===== Entries shown

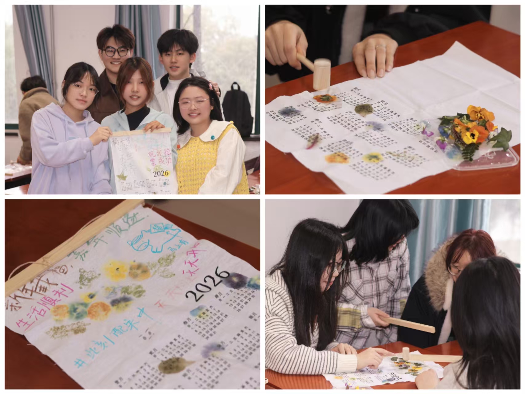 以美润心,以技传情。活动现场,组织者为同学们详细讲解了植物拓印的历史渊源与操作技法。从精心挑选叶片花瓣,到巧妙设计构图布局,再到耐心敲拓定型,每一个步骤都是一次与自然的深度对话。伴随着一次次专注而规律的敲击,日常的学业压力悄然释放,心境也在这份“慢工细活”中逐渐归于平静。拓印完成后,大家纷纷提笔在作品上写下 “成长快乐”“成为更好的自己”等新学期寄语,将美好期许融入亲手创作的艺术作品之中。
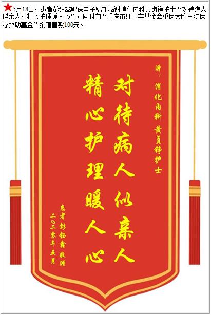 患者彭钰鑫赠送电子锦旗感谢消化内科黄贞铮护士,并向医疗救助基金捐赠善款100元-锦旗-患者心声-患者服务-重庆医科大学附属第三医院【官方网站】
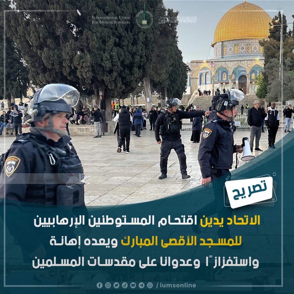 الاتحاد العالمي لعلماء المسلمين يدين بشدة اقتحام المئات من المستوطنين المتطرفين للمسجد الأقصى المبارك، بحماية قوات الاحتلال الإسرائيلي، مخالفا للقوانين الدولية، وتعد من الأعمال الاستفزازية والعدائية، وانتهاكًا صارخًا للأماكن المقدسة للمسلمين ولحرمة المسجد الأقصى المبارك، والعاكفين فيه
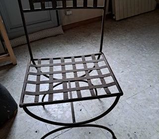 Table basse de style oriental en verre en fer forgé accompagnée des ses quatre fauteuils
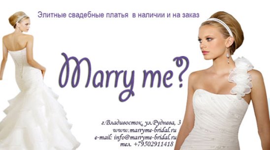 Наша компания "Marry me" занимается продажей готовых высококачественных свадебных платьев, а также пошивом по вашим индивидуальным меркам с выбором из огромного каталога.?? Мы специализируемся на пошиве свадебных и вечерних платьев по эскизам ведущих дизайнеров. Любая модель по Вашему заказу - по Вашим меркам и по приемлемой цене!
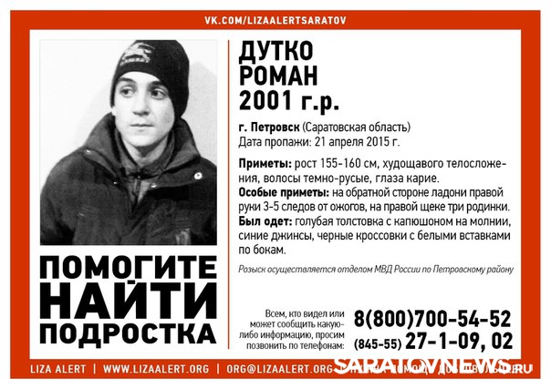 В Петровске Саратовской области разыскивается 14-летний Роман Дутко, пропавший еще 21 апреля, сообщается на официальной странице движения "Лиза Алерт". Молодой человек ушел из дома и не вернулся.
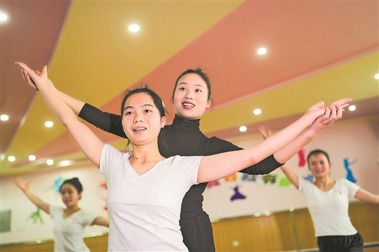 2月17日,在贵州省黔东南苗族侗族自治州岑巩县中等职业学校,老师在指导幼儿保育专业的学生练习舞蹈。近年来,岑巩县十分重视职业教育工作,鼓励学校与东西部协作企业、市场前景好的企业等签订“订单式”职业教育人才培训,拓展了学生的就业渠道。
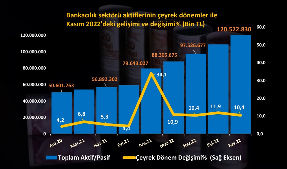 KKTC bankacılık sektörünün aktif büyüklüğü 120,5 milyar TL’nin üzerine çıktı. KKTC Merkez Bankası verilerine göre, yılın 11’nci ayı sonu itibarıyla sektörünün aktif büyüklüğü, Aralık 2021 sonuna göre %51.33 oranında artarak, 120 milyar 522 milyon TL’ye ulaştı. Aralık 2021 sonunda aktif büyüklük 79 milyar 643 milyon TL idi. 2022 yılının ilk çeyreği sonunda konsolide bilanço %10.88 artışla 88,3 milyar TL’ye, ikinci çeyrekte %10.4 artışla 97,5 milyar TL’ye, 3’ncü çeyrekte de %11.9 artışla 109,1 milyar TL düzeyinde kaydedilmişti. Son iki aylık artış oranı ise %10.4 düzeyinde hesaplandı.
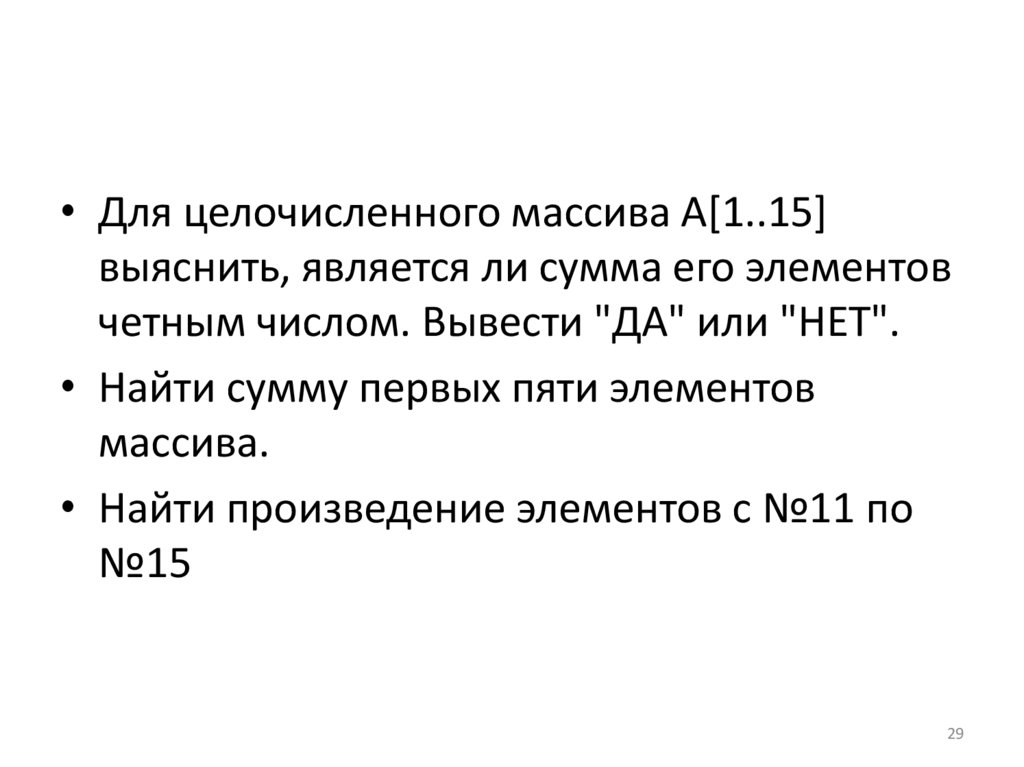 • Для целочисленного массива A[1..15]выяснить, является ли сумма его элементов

==========
===== Entries shown

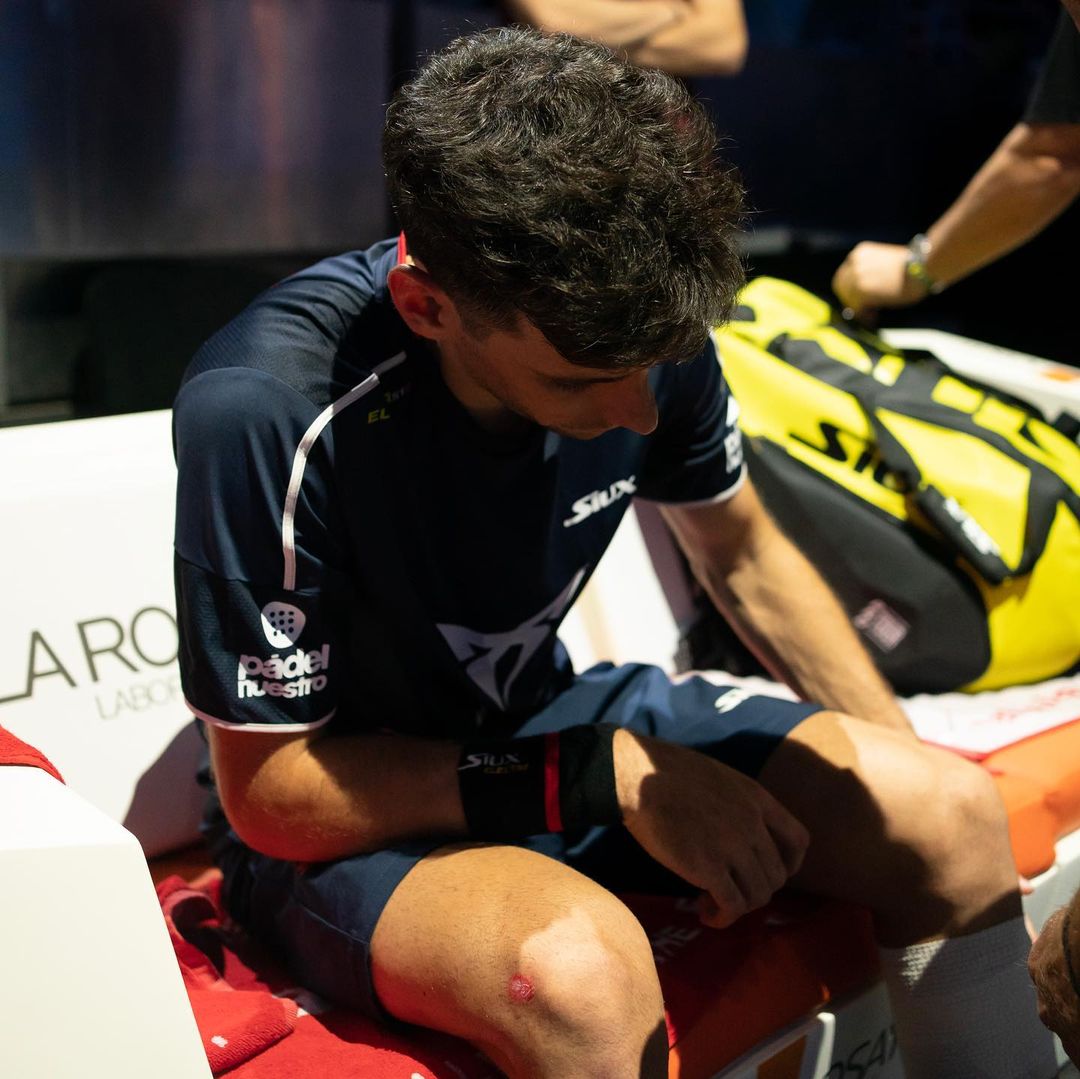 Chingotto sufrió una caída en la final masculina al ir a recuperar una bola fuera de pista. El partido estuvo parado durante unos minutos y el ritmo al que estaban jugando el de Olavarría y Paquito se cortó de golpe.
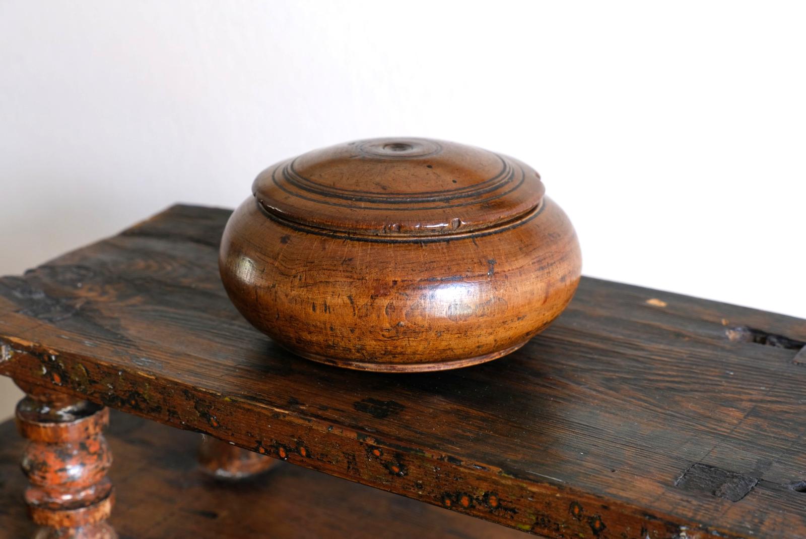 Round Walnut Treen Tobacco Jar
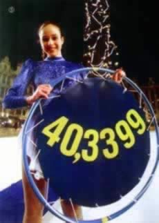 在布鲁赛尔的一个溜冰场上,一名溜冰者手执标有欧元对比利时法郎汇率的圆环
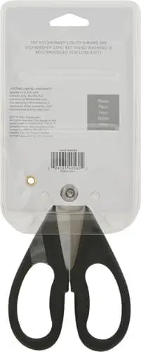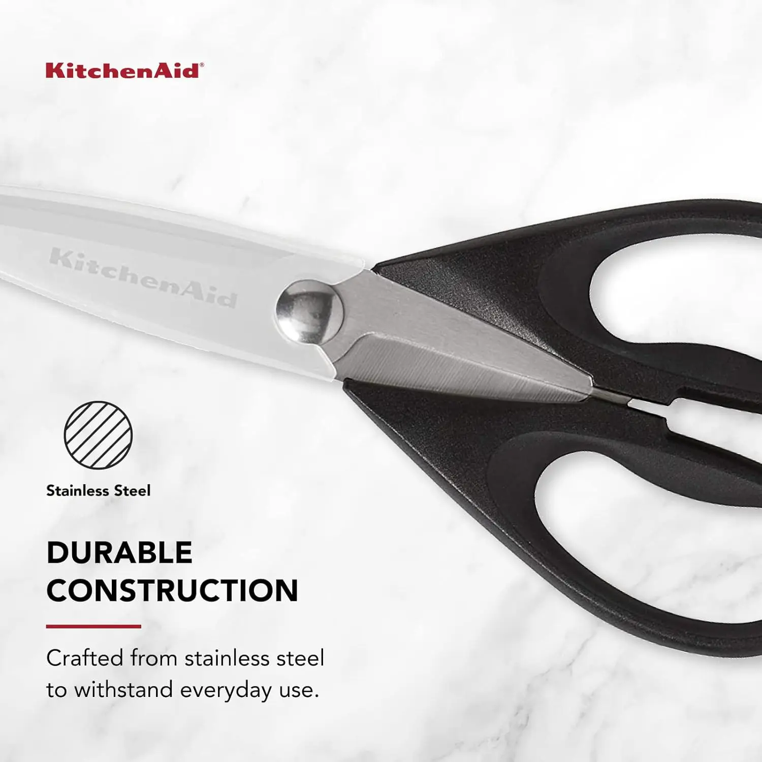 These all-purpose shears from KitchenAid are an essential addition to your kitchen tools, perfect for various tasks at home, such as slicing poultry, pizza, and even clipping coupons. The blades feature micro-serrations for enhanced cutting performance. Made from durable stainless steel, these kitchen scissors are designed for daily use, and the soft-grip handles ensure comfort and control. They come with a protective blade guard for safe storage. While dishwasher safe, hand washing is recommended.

==========

### About this exercise
A word-for-word reproduction is needed of the lines above from the line containing "以美润心,以技传情。活动现场" through the line containing "الاتحاد العالمي لعلماء", with both ends kept and no pictures.

### Result
 以美润心,以技传情。活动现场,组织者为同学们详细讲解了植物拓印的历史渊源与操作技法。从精心挑选叶片花瓣,到巧妙设计构图布局,再到耐心敲拓定型,每一个步骤都是一次与自然的深度对话。伴随着一次次专注而规律的敲击,日常的学业压力悄然释放,心境也在这份“慢工细活”中逐渐归于平静。拓印完成后,大家纷纷提笔在作品上写下 “成长快乐”“成为更好的自己”等新学期寄语,将美好期许融入亲手创作的艺术作品之中。
 患者彭钰鑫赠送电子锦旗感谢消化内科黄贞铮护士,并向医疗救助基金捐赠善款100元-锦旗-患者心声-患者服务-重庆医科大学附属第三医院【官方网站】
 الاتحاد العالمي لعلماء المسلمين يدين بشدة اقتحام المئات من المستوطنين المتطرفين للمسجد الأقصى المبارك، بحماية قوات الاحتلال الإسرائيلي، مخالفا للقوانين الدولية، وتعد من الأعمال الاستفزازية والعدائية، وانتهاكًا صارخًا للأماكن المقدسة للمسلمين ولحرمة المسجد الأقصى المبارك، والعاكفين فيه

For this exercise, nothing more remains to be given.